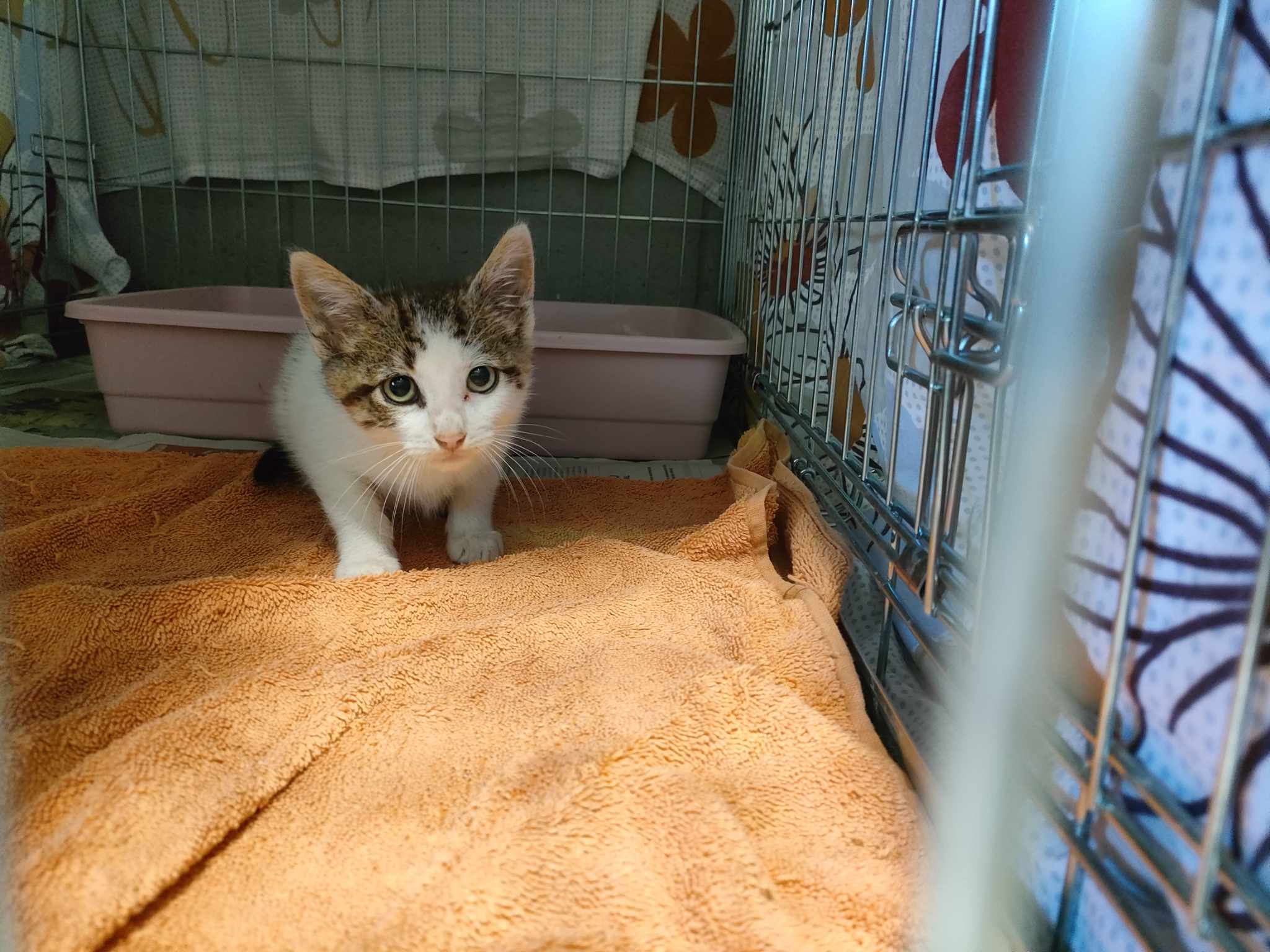 Recollido en Santiago de Compostela, é algo medroso.
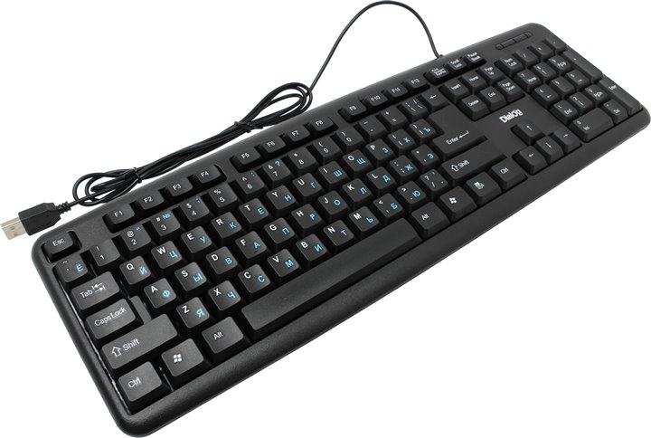 Клавиатура Dialog KS-020U Black проводная клавиатура интерфейс USB для настольного компьютера классическая конструкция, мембранная клавиш: 104 размеры (ШxВxГ): 440x20x130 мм
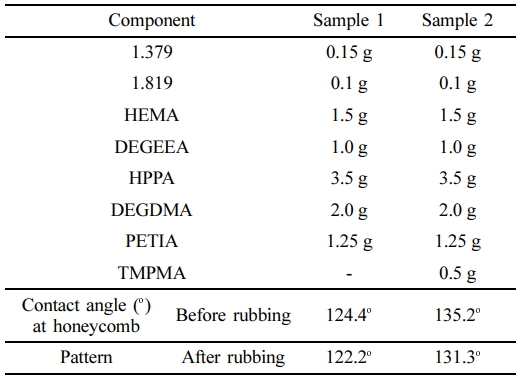 Table 1 Recipe of Materials for UV-Imprinting Resin and Water-Contact Angle Before & After Rubbing Test at Honeycomb Pattern |

_ _ _ _ _

◆ EXERCISE: All of the data should come back exactly as written, but without pictures.

◆ OUTPUT:
 Recollido en Santiago de Compostela, é algo medroso.
 Клавиатура Dialog KS-020U Black проводная клавиатура интерфейс USB для настольного компьютера классическая конструкция, мембранная клавиш: 104 размеры (ШxВxГ): 440x20x130 мм
 Table 1 Recipe of Materials for UV-Imprinting Resin and Water-Contact Angle Before & After Rubbing Test at Honeycomb Pattern |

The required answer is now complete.